There’s global crisis in how women are seen and heard.  We need to recognize the universal dignity of women.  The push today is to make women more competitive but it is wrong to expect women to be just like men.  Women have been made to think that their most important work, marriage and motherhood, is antiquated.

Sue Ellen Browder explained how her five years of research led her to become a pro-life advocate.  The original 1960’s feminists were fighting for equal rights.  Then, in order to make abortion legal, the feminists were recruited.  The rights of women were sold as a package.  Abortion is a false right which violates the most basic human right.  Pro-abortion feminists got credit for new laws – women cannot be fired if pregnant, want ads can no longer be listed as male and female and educational opportunities must be open to women as well as men.

The anti-abortion movement is essential to women’s empowerment.  Abortion is not health care.  Fertility is a sign of health and not something to be treated with hormonal drugs.  Women in underdeveloped countries don’t want abortions.  They are aware of the risks but more importantly they believe that life begins at conception.  Priorities need to be set straight.  Women, living in villages, want accessibility to health care and education.  They want assistance in helping young girls learn proper skills.
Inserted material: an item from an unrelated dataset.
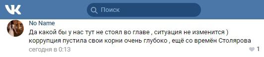 "Да какой бы у нас тут не стоял во главе, ситуация не изменится. Коррупция пустила свои корни очень глубоко ещё со времен Столярова",- написал No Name в соцсети "ВКонтакте".
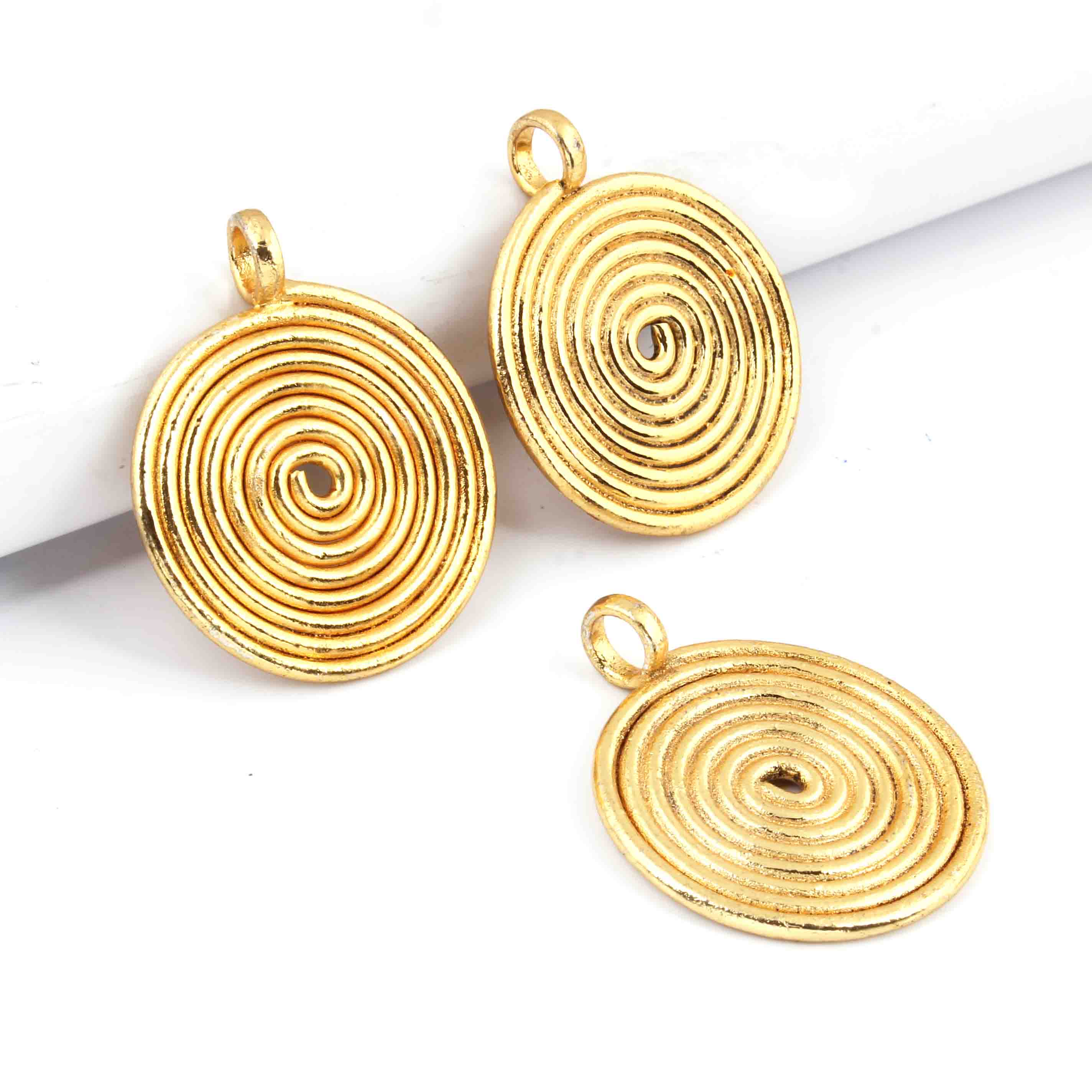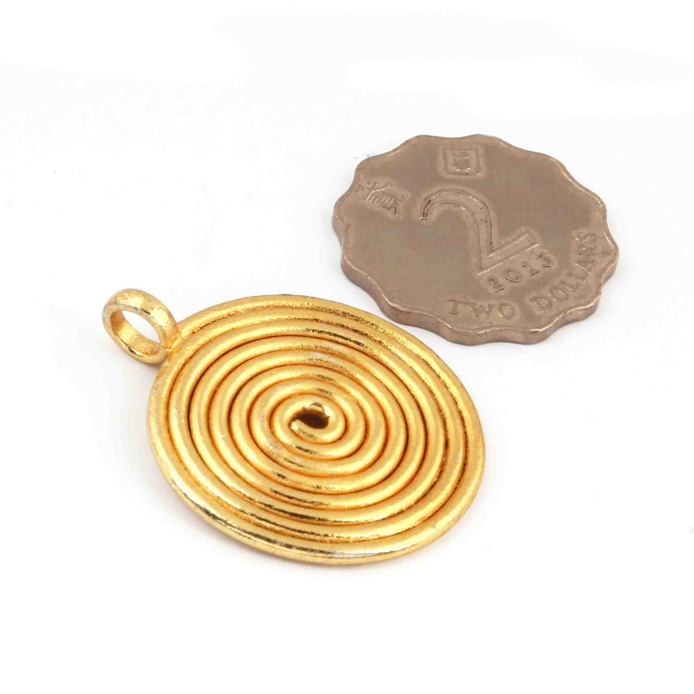 15  Pcs Gold Round Charm Pendant - 24k Gold Plated - Copper Gold Round Pendant 39mmx32mm - GPC1374

The value system has been turned upside down.   Limiting population is not a solution to a nation’s difficulties.  Today women and girls are victims and there is unjust discrimination against them.  Sex selection abortion, common throughout the world, has caused 27 million girls to be slaughtered.  Children are not a problem but a gift.  It’s necessary for women to be brought to the table to inform leaders about what they want.  Everyone should spread the message that women’s uniqueness ought to be championed and celebrated.